Australia’s relationship with the Chinese government remained strained, while the country refocuses its trade and diplomatic relationships with members of the Quad, (Australia, Japan, India, the United States) and Southeast Asian and Pacific nations as part of an effort to counter Beijing's influence in the region. With the Association of Southeast Asian Nations (ASEAN) countries, the Australian government has deferred to principles of ASEAN centrality and “maintaining a region which is peaceful, stable and prosperous, in which sovereignty is respected.” It avoids public discussion of rights concerns with the ASEAN member governments of Vietnam, Philippines, Cambodia, and Thailand. The same reluctance to publicly discuss human rights issues is also evident in Canberra’s relationship with the Modi government in India.

Australia used its “Magnitsky-style” sanctions legislation for the first time in March, targeting Russian individuals responsible for the mistreatment and death of Russian lawyer Sergei Magnitsky. Since then, the government has enacted no new targeted sanctions under the regime.

Unlike the United Kingdom, United States, Canada, and the European Union, the Australian government has not imposed targeted sanctions on senior military leaders and entities in Myanmar responsible for the February 2021 coup and ensuing rights violations.

Australia joined other UN member countries in condemning China’s serious abuses in Xinjiang, following the groundbreaking report by UN High Commissioner for Human Rights Michelle Bachelet.

However, the Australian government has not joined the EU, UK, US, and Canada in imposing targeted sanctions on senior Chinese officials who have been accused of serious human rights violations against Uyghurs and other Turkic Muslim communities in Xinjiang.

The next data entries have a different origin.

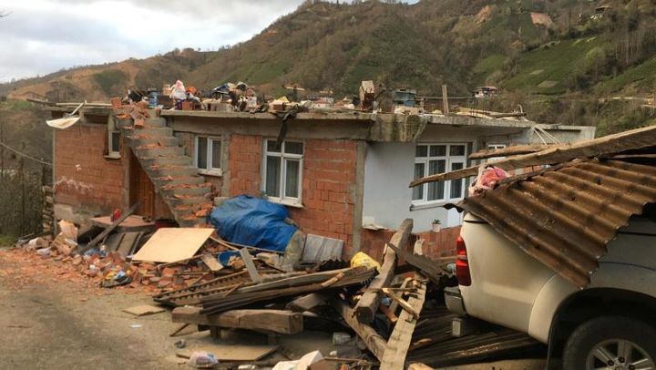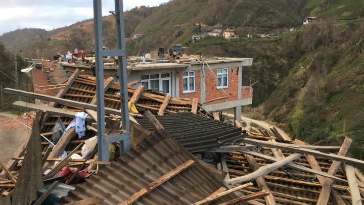 Rize'nin Çayeli ilçesine bağlı Madenli beldesinde fırtına, evlerin çatısını uçurdu. Uçan çatı parçaları çevredeki araçlara zarar verdi.
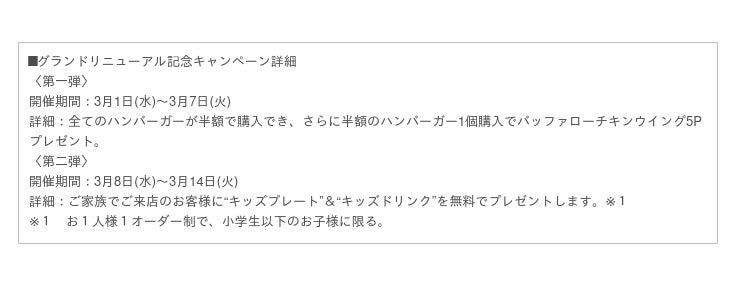 さらに、お子様向けに選べるキッズメニューとして「キッズバーガープレート」や「キッズオムライスプレート」を新発売いたします。また、今回のグランドメニューリニューアルを記念して2週連続のスペシャルキャンペーンを実施。第一弾は「全てのハンバーガー半額」、第二弾は「キッズプレート無料」を実施します。
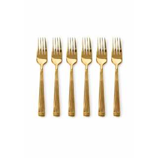 Jogo De Garfo 6 Peças Inox Dourado - Sobremesas, Doces, Bolos.
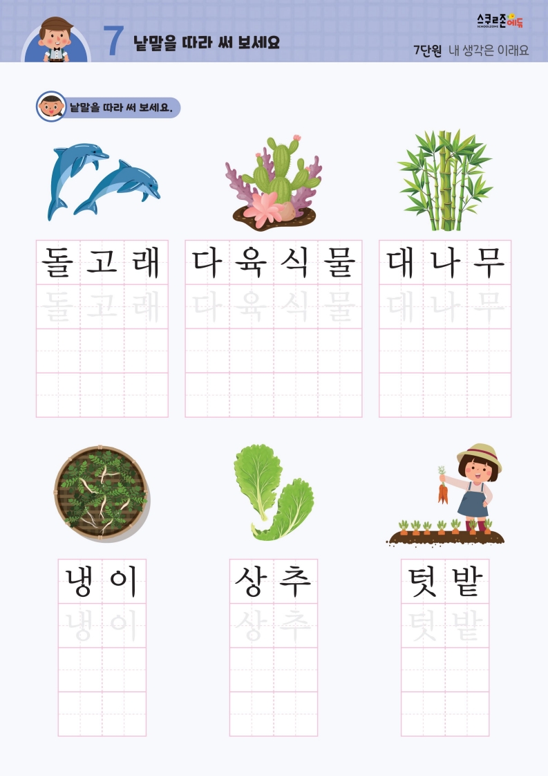자음 · 모음부터 문장까지 체계적으로 쓰기를 연습할 수 있습니다.
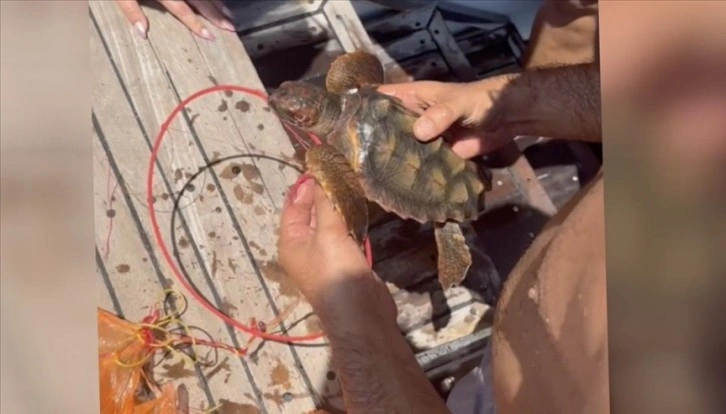 Antalya'nın Alanya ilçesinde, denizde misinaya takılan caretta caretta yavrusu, tekneciler tarafından kurtarıldı.
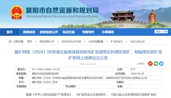 該項目位于南漳縣武安鎮三股泉村,礦權名稱湖北省南漳縣柏嶺溝礦區建筑石料用灰巖礦、制堿用灰巖礦,年生產規模建筑石料用灰巖礦500萬噸,掛牌起始價1.15億元(11489萬元),出讓年限21.3年(含基建期1年)。
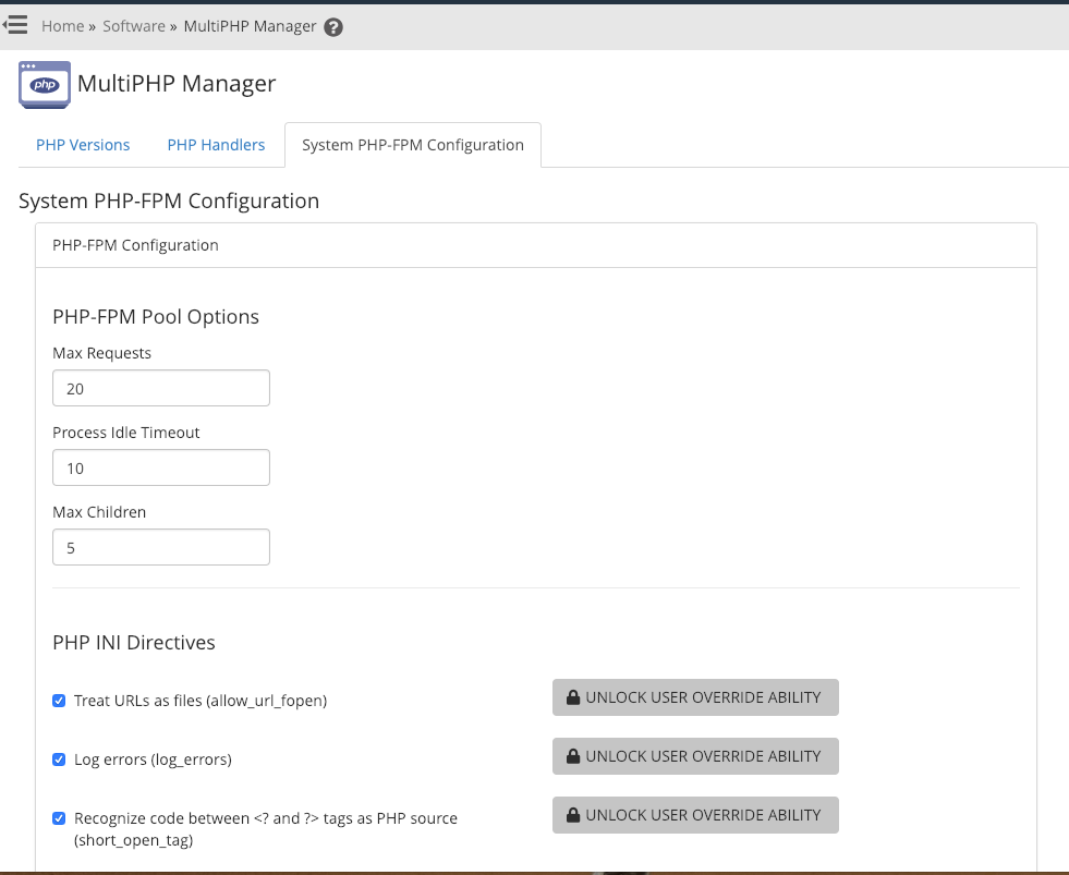 In version 78, we’ve added the ability to automatically configure some PHP INI settings directly from WHM’s MultiPHP Manager Interface (WHM >> Home >> Software >> MultiPHP Manager). The new System PHP-FPM Configuration tab allows WHM users to set the system’s PHP INI directives (if you’re a systems administrator, these can still be updated manually through the command line).
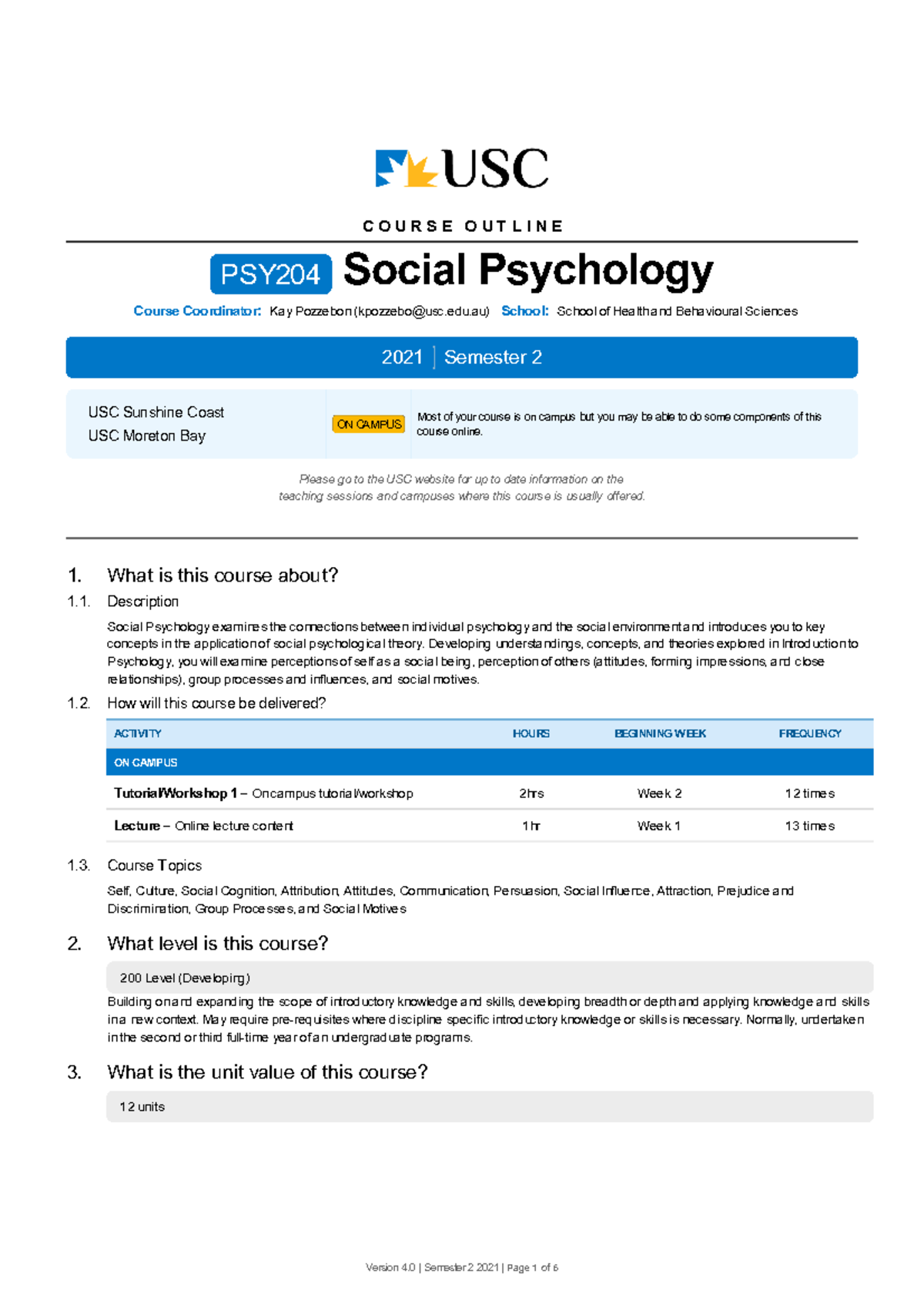 Course outline PSYC2001 2024 PSYC2001 (Social Psychology) Course
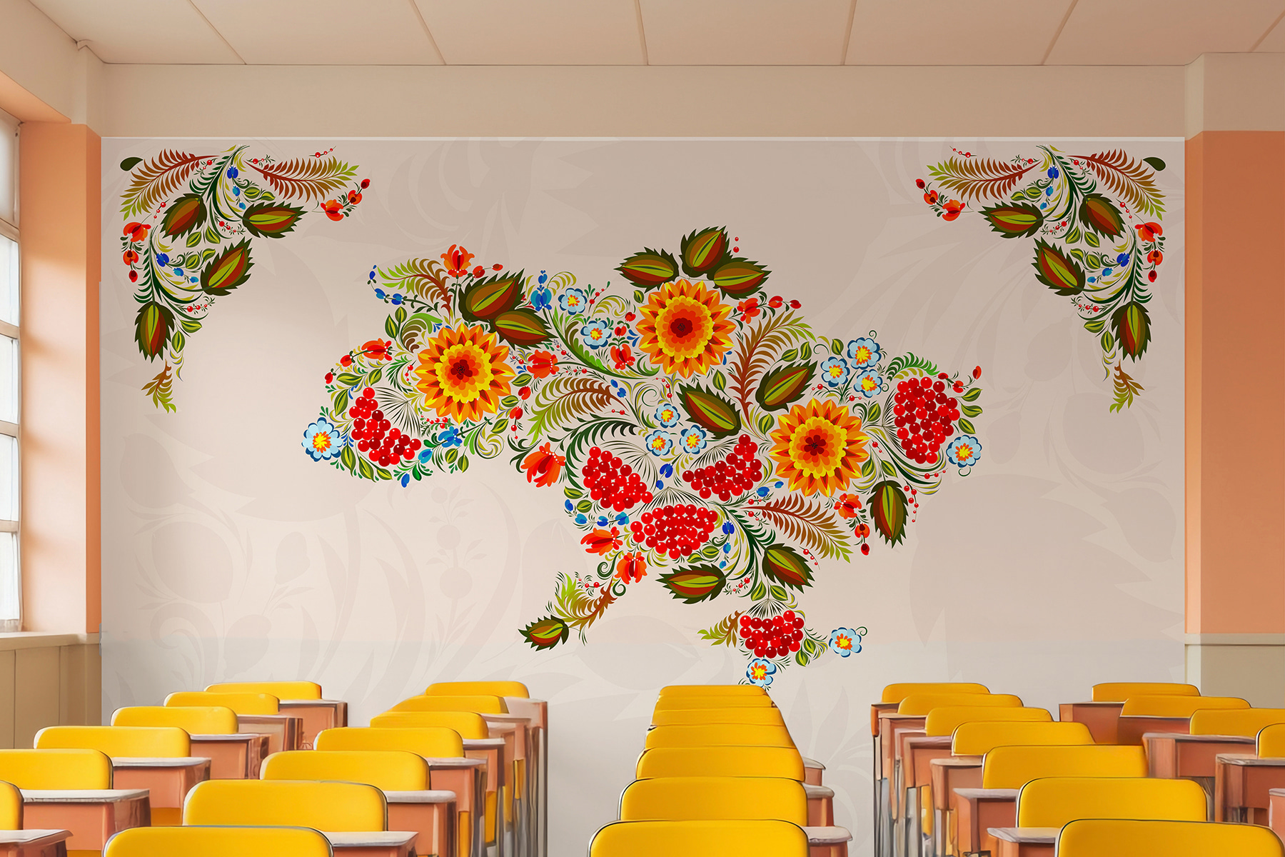 Hola, entusiasta de la decoración. Te presentamos este impresionante mural de pared: es un mapa de Ucrania, pero sustituye las aburridas líneas por atrevidas y florecientes flores. Imagina tu habitación llena de color, como si acabara de entrar un jardín. Esos amarillos y rojos intensos, mezclados con verdes vibrantes, ¡son pura alegría! Es como tener una obra de arte que susurra historias de tradición y cultura. ¿A quién no le gustaría empezar el día con la sensación de estar entrando en una celebración? Perfecto para cualquiera que desee un poco más de belleza y carácter en su espacio.

In opposition, the Australian Labor Party pledged to strengthen Australia’s Modern Slavery Act to address forced labor around the world, including in Xinjiang. The current legislation under review does not respond to calls to introduce stand-alone legislation similar to the US that blocks the import of goods made with forced labor, both from Xinjiang and other locations inside and outside of China.

Australia has not endorsed the Safe Schools Declaration, an intergovernmental pledge now supported by 112 countries to protect education in times of conflict.